(Beginning of Available data)

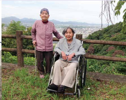
8月『山から景色をみたい』
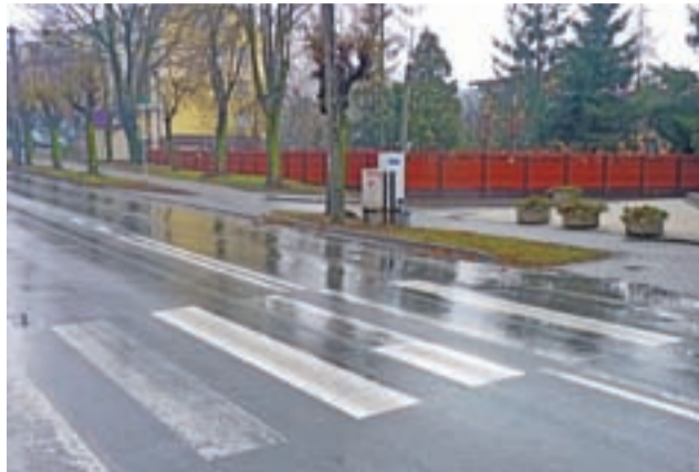
Przejście dla pieszych przy ul. Swoboda. Wytarte pasy nie zawsze są widoczne dla kierowców.

W obu rolach, zarówno pieszych, jak i kierowców, czasami

(End of Available data)

There is a line above that contains "Przejście dla pieszych". Copy it and all later lines through the last, exactly, and leave out the rest.

## Exercise answer
Przejście dla pieszych przy ul. Swoboda. Wytarte pasy nie zawsze są widoczne dla kierowców.

W obu rolach, zarówno pieszych, jak i kierowców, czasami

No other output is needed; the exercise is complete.